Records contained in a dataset
►

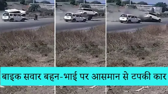 जूनागढ़, गुजरात. शादी की खुशियों से पहले ही एक युवक की हादसे में मौत हो गई। एक बेकाबू कार डिवाइडर से टकराकर हवा में उछलकर बाइक सवार युवक और उसकी चचेरी बहन के ऊपर जा गिरी। एक्सीडेंट में उसकी बहन भी गंभीर रूप से घायल हो गई। घटना केशोद कस्बे में हाईवे पर हुई। समीप लगे एक CCTV कैमरे में पूरी घटना कैप्चर हो गई। इसमें साफ देखा जा सकता है कि कैसे कार डिवाइडर से टकराने के बाद हवा में उछली और फिर वहां से निकल रहे बाइक सवार भाई-बहन के ऊपर जा गिरी। मृतक 23 वर्षीय पंकज देवायतभाई माणियाहाटी तहसील के गांव वांदरवड़ का रहने वाला था। बाइक पर पीछे उसकी चचेरी बहन 20 वर्षीय मधुबेन बैठी थी।
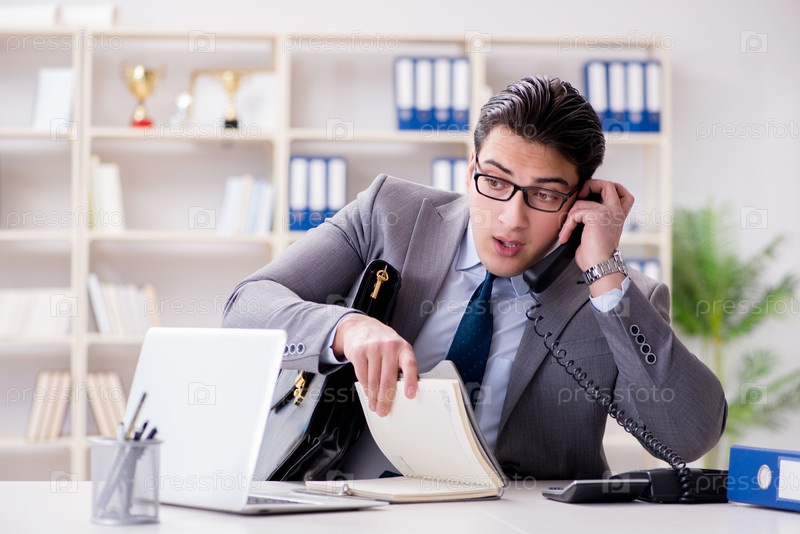 Работник бизнесмена разговаривает по офисному телефону
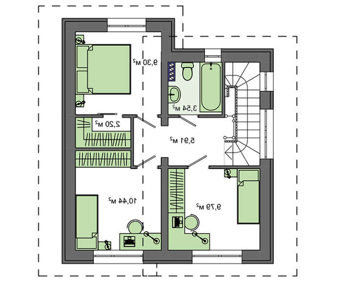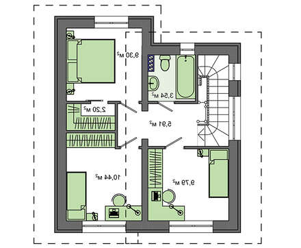 На втором этаже находятся три личные спальни обитателей дома и ванная. В комнате отдыха хозяина предусмотрен собственный гардероб.
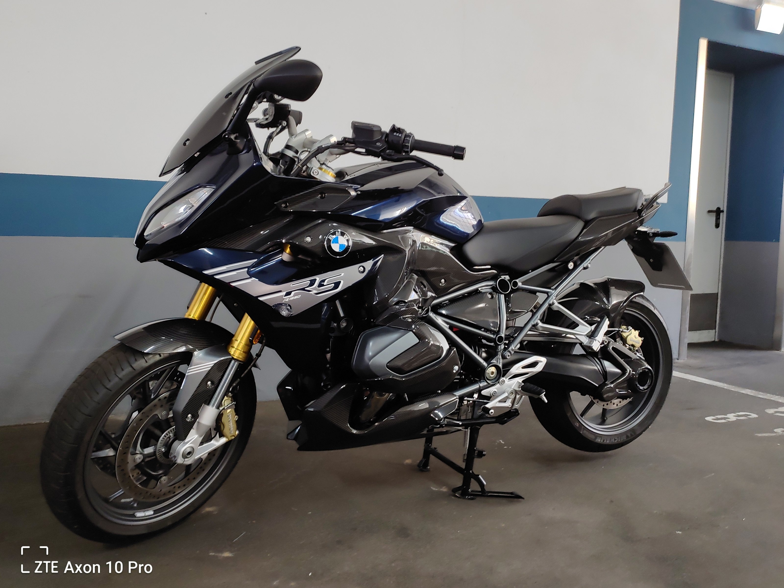 ich bin seit einigen Wochen wieder zu BMW gewechselt, nachdem ich Ducati und KTM gefahren bin. Wie schon bei einigen Maschinen vorher, stammt sie aus der Schmiede von Ilmberger. Er hat schon sehr gute Vorarbeit geleistet, neben dem Carbon ist auch der Heckrahmen in der Farbe des Hauptrahmens lackiert, die Soziushaltegriffe teilweise in dem schönen Blau und die Front in Silber. Dadurch wirkt das Motorrad stimmiger und mir bleibt diese Arbeit erspart. Natürlich habe ich auch schon Hand angelegt, neben den normalen Kleinigkeiten hat das Navi einen neuen Platz gefunden und der Lenker ist auf Superbike umgebaut. Viele Kilometer konnte ich noch nicht fahren, aber der Umbau hat sich mehr als gelohnt.
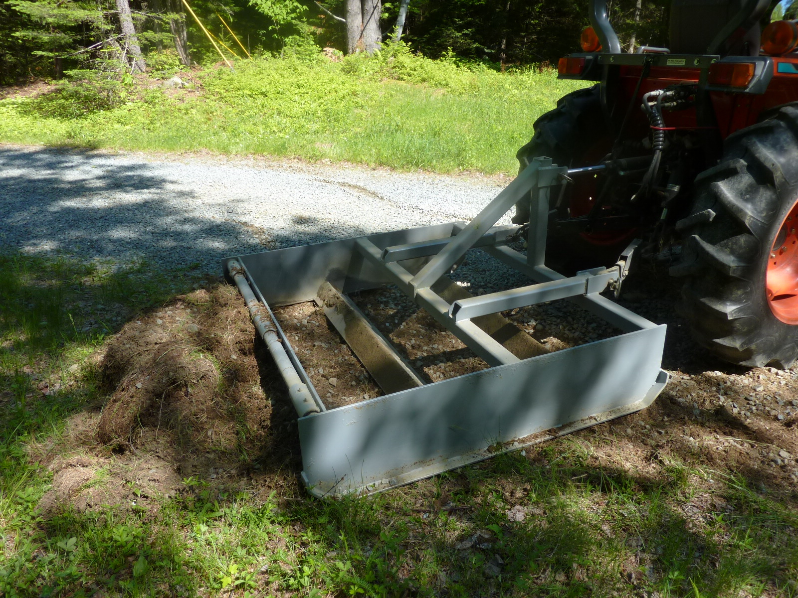 If I hang the gate in front of the pins I can use the grader to collect and move material like a box blade.
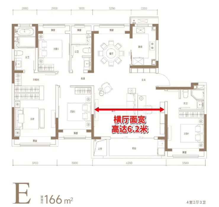 其中,建面约166㎡户型享独立门厅入户,尊贵感、实用性兼具。客厅横厅布局,面宽高达6.2米,配约8㎡大阳台(不封阳台,算一半面积),社交区域方正、阔绰,待客、休闲皆从容自在。

◄

**Work required:** Reproduce the entries above exactly. Do not include the images.

**Finished exercise:**
 जूनागढ़, गुजरात. शादी की खुशियों से पहले ही एक युवक की हादसे में मौत हो गई। एक बेकाबू कार डिवाइडर से टकराकर हवा में उछलकर बाइक सवार युवक और उसकी चचेरी बहन के ऊपर जा गिरी। एक्सीडेंट में उसकी बहन भी गंभीर रूप से घायल हो गई। घटना केशोद कस्बे में हाईवे पर हुई। समीप लगे एक CCTV कैमरे में पूरी घटना कैप्चर हो गई। इसमें साफ देखा जा सकता है कि कैसे कार डिवाइडर से टकराने के बाद हवा में उछली और फिर वहां से निकल रहे बाइक सवार भाई-बहन के ऊपर जा गिरी। मृतक 23 वर्षीय पंकज देवायतभाई माणियाहाटी तहसील के गांव वांदरवड़ का रहने वाला था। बाइक पर पीछे उसकी चचेरी बहन 20 वर्षीय मधुबेन बैठी थी।
 Работник бизнесмена разговаривает по офисному телефону
 На втором этаже находятся три личные спальни обитателей дома и ванная. В комнате отдыха хозяина предусмотрен собственный гардероб.
 ich bin seit einigen Wochen wieder zu BMW gewechselt, nachdem ich Ducati und KTM gefahren bin. Wie schon bei einigen Maschinen vorher, stammt sie aus der Schmiede von Ilmberger. Er hat schon sehr gute Vorarbeit geleistet, neben dem Carbon ist auch der Heckrahmen in der Farbe des Hauptrahmens lackiert, die Soziushaltegriffe teilweise in dem schönen Blau und die Front in Silber. Dadurch wirkt das Motorrad stimmiger und mir bleibt diese Arbeit erspart. Natürlich habe ich auch schon Hand angelegt, neben den normalen Kleinigkeiten hat das Navi einen neuen Platz gefunden und der Lenker ist auf Superbike umgebaut. Viele Kilometer konnte ich noch nicht fahren, aber der Umbau hat sich mehr als gelohnt.
 If I hang the gate in front of the pins I can use the grader to collect and move material like a box blade.
 其中,建面约166㎡户型享独立门厅入户,尊贵感、实用性兼具。客厅横厅布局,面宽高达6.2米,配约8㎡大阳台(不封阳台,算一半面积),社交区域方正、阔绰,待客、休闲皆从容自在。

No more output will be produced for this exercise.